[Data to use]
[Start of section]

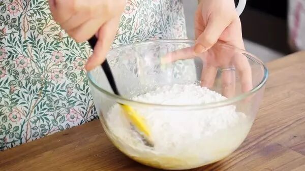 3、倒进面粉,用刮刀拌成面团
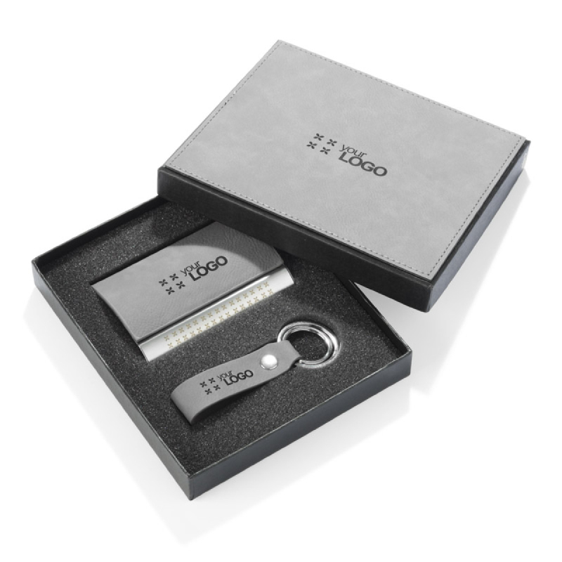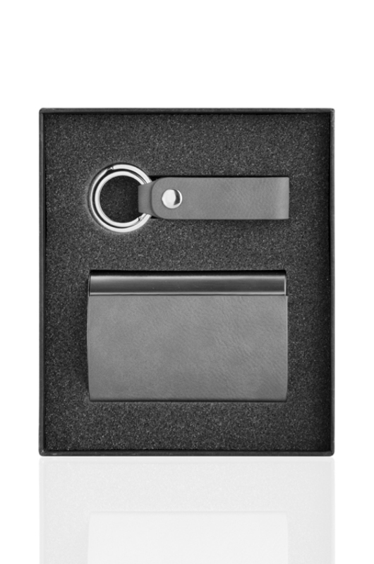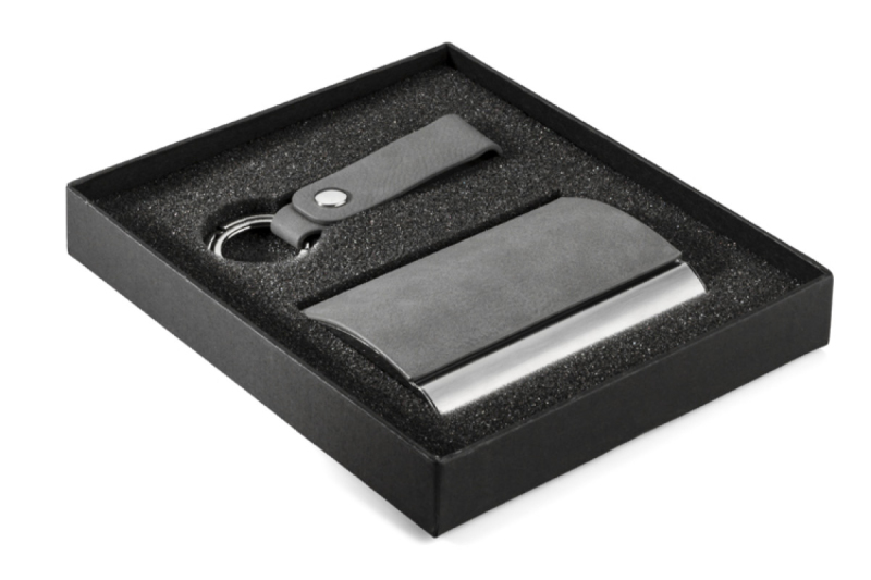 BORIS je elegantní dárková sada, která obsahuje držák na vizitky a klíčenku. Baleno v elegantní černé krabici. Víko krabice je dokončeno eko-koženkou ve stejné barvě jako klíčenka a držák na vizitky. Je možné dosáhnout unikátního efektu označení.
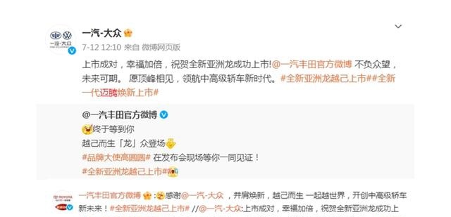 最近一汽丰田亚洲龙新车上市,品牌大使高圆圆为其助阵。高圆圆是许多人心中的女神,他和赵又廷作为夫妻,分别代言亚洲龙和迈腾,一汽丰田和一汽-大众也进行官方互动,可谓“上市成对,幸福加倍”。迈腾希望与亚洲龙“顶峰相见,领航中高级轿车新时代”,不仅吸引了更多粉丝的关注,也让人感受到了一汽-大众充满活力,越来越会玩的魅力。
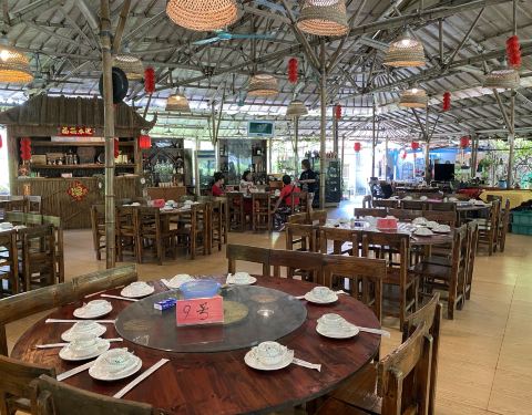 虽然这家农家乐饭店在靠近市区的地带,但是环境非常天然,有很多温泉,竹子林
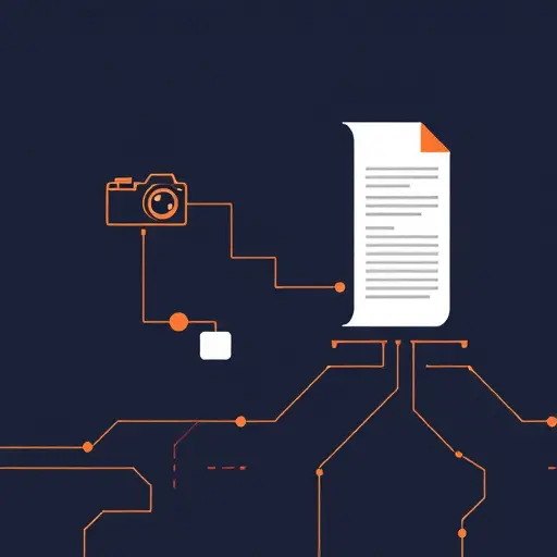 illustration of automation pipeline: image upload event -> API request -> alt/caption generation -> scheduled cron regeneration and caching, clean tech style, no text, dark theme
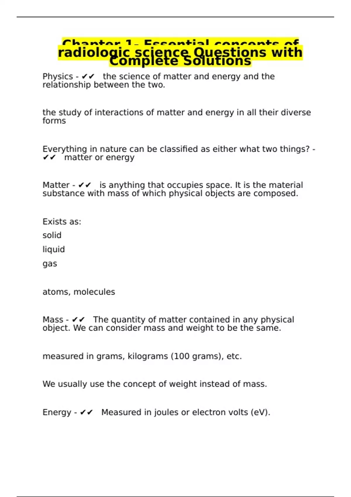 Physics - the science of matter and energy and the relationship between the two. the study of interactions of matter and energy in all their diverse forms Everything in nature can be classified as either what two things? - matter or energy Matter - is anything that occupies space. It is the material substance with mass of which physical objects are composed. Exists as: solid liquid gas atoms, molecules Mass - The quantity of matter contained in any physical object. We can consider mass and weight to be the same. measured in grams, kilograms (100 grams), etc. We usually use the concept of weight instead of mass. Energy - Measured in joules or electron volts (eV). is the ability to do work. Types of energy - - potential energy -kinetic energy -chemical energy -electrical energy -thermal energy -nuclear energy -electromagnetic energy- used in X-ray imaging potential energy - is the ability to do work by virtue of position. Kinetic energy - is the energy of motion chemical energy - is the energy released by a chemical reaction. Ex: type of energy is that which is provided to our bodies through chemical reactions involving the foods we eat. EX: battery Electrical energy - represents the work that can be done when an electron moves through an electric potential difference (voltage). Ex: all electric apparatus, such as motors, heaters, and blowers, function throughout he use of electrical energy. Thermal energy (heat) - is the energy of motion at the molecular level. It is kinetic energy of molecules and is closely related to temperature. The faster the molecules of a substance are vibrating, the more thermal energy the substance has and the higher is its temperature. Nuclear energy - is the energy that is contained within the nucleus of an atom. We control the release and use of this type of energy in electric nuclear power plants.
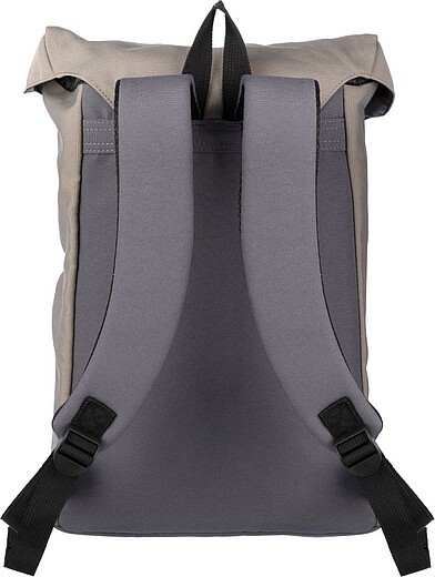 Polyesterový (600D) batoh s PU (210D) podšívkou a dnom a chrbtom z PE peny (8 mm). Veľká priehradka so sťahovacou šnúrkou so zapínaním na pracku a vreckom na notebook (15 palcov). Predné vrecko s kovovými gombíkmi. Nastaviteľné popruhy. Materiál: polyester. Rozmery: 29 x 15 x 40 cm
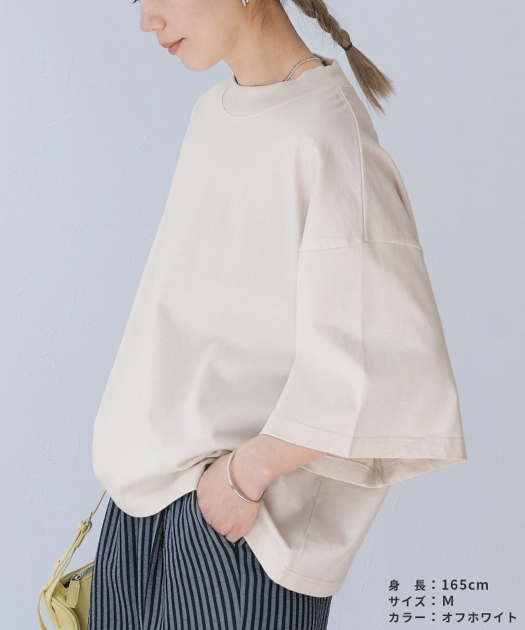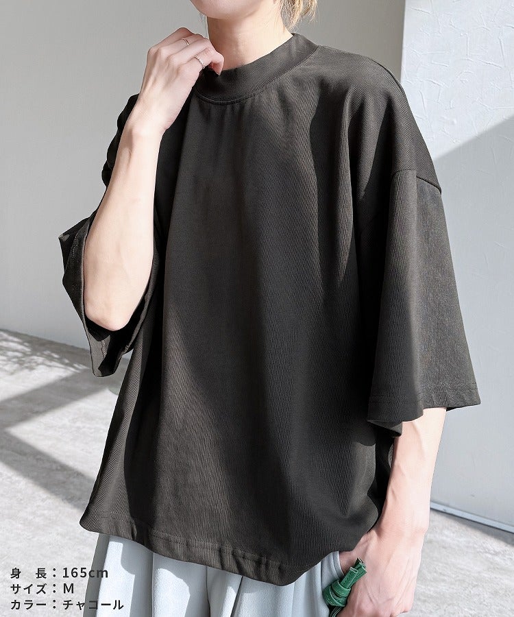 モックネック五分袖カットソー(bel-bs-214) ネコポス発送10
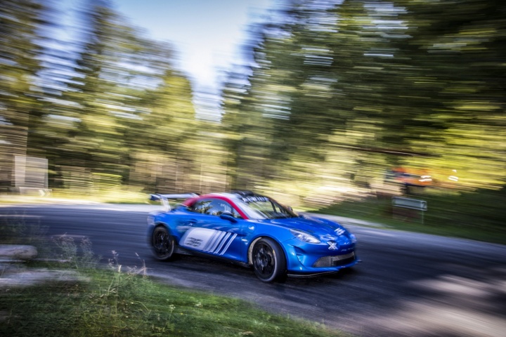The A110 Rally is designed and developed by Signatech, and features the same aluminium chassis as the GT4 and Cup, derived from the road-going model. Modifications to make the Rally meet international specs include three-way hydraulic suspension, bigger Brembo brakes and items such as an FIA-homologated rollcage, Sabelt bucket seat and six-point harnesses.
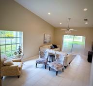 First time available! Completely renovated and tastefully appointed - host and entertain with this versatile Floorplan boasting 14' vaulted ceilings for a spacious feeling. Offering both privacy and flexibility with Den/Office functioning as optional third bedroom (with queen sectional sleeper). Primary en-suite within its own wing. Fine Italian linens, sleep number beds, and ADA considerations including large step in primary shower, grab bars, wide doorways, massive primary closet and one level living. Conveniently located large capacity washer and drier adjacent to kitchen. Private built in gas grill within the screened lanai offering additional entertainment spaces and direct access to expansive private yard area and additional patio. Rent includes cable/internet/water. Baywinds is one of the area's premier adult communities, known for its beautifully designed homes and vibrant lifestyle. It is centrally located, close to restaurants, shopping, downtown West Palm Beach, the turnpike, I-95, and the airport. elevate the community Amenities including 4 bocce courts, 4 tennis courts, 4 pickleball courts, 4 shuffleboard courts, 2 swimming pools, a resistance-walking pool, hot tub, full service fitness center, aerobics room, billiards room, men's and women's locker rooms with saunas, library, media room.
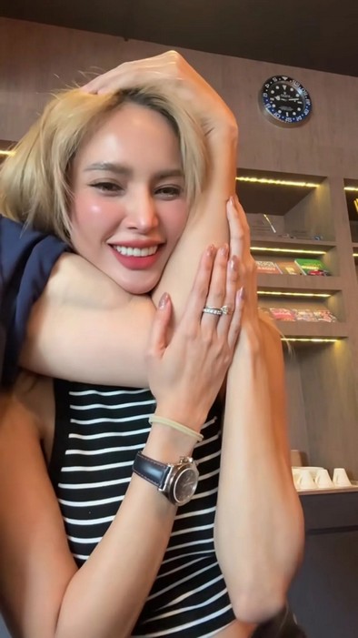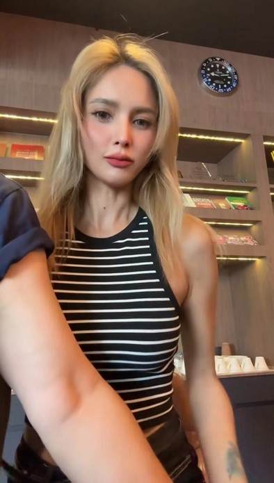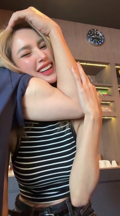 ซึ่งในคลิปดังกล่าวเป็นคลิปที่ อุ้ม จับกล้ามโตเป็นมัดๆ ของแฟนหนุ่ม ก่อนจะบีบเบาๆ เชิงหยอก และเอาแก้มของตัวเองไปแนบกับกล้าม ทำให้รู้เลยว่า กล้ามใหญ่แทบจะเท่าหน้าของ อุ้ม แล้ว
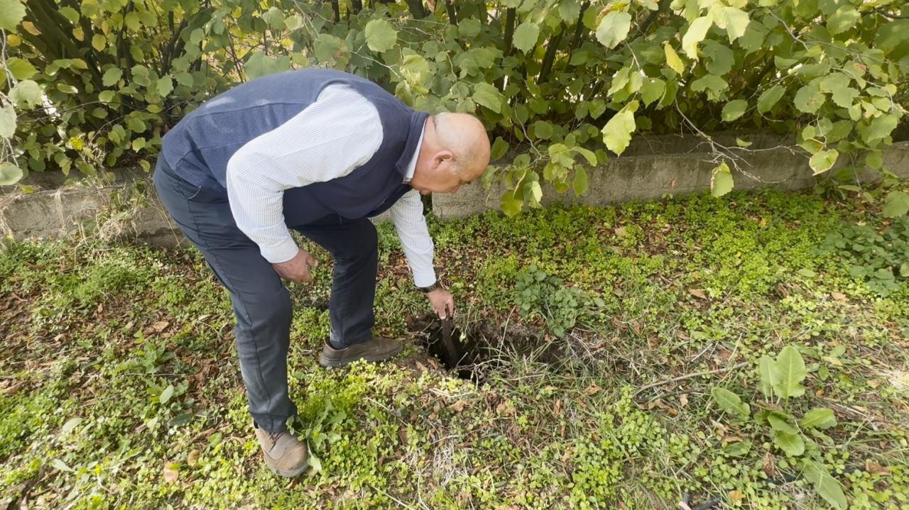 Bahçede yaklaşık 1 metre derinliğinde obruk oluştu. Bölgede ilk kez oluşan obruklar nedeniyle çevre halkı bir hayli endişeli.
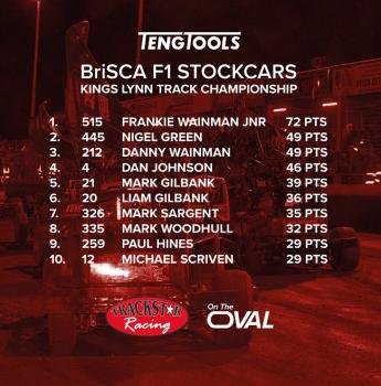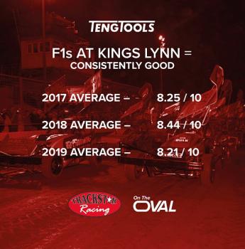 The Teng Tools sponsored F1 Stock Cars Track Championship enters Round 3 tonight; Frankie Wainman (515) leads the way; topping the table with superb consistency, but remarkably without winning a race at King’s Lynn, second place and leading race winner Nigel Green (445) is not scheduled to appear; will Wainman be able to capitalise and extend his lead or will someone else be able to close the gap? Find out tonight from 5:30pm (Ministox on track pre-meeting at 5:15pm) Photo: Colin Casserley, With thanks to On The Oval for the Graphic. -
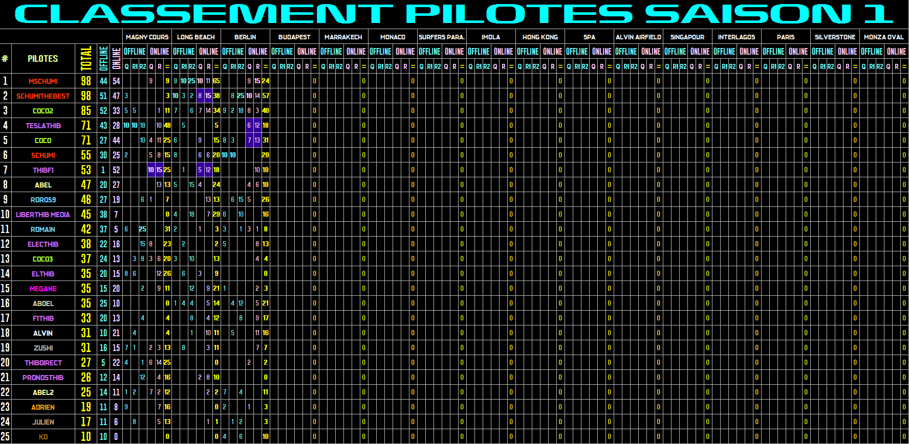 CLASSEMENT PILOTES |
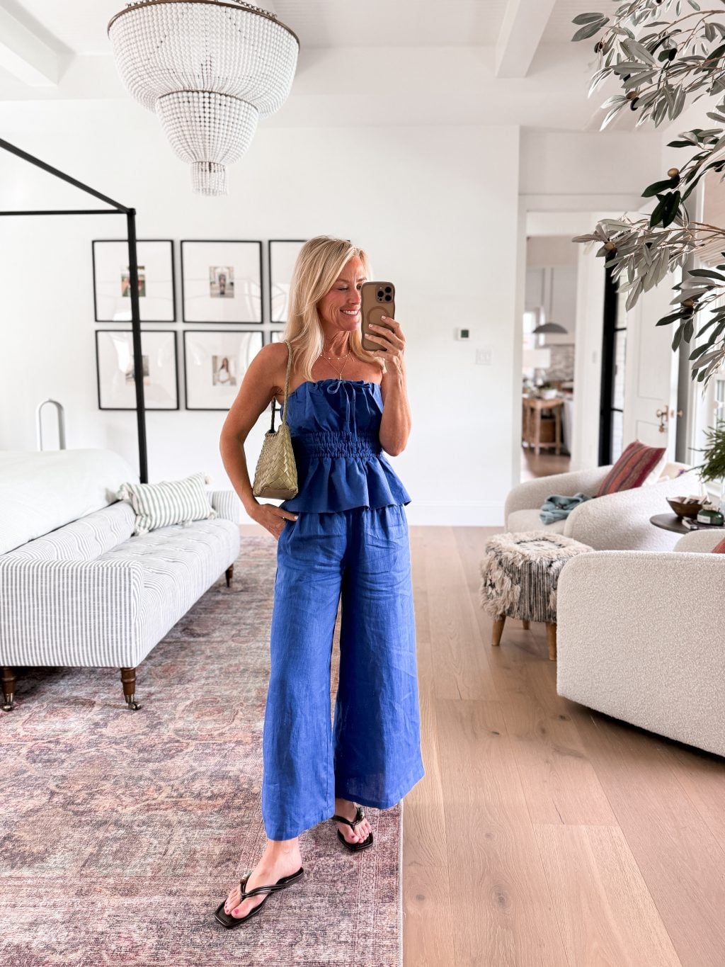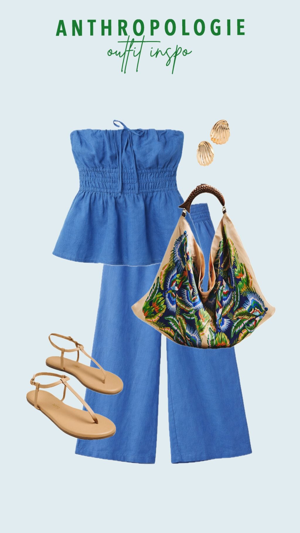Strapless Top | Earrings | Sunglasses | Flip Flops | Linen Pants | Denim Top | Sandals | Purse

[End of section]

Only the lines from the beginning of the records through the line bearing "虽然这家农家乐饭店在靠近市区的地带,但是环境非常天然,有很多温泉,竹子林" belong in the answer, copied word for word with pictures left out.

 3、倒进面粉,用刮刀拌成面团
 BORIS je elegantní dárková sada, která obsahuje držák na vizitky a klíčenku. Baleno v elegantní černé krabici. Víko krabice je dokončeno eko-koženkou ve stejné barvě jako klíčenka a držák na vizitky. Je možné dosáhnout unikátního efektu označení.
 最近一汽丰田亚洲龙新车上市,品牌大使高圆圆为其助阵。高圆圆是许多人心中的女神,他和赵又廷作为夫妻,分别代言亚洲龙和迈腾,一汽丰田和一汽-大众也进行官方互动,可谓“上市成对,幸福加倍”。迈腾希望与亚洲龙“顶峰相见,领航中高级轿车新时代”,不仅吸引了更多粉丝的关注,也让人感受到了一汽-大众充满活力,越来越会玩的魅力。
 虽然这家农家乐饭店在靠近市区的地带,但是环境非常天然,有很多温泉,竹子林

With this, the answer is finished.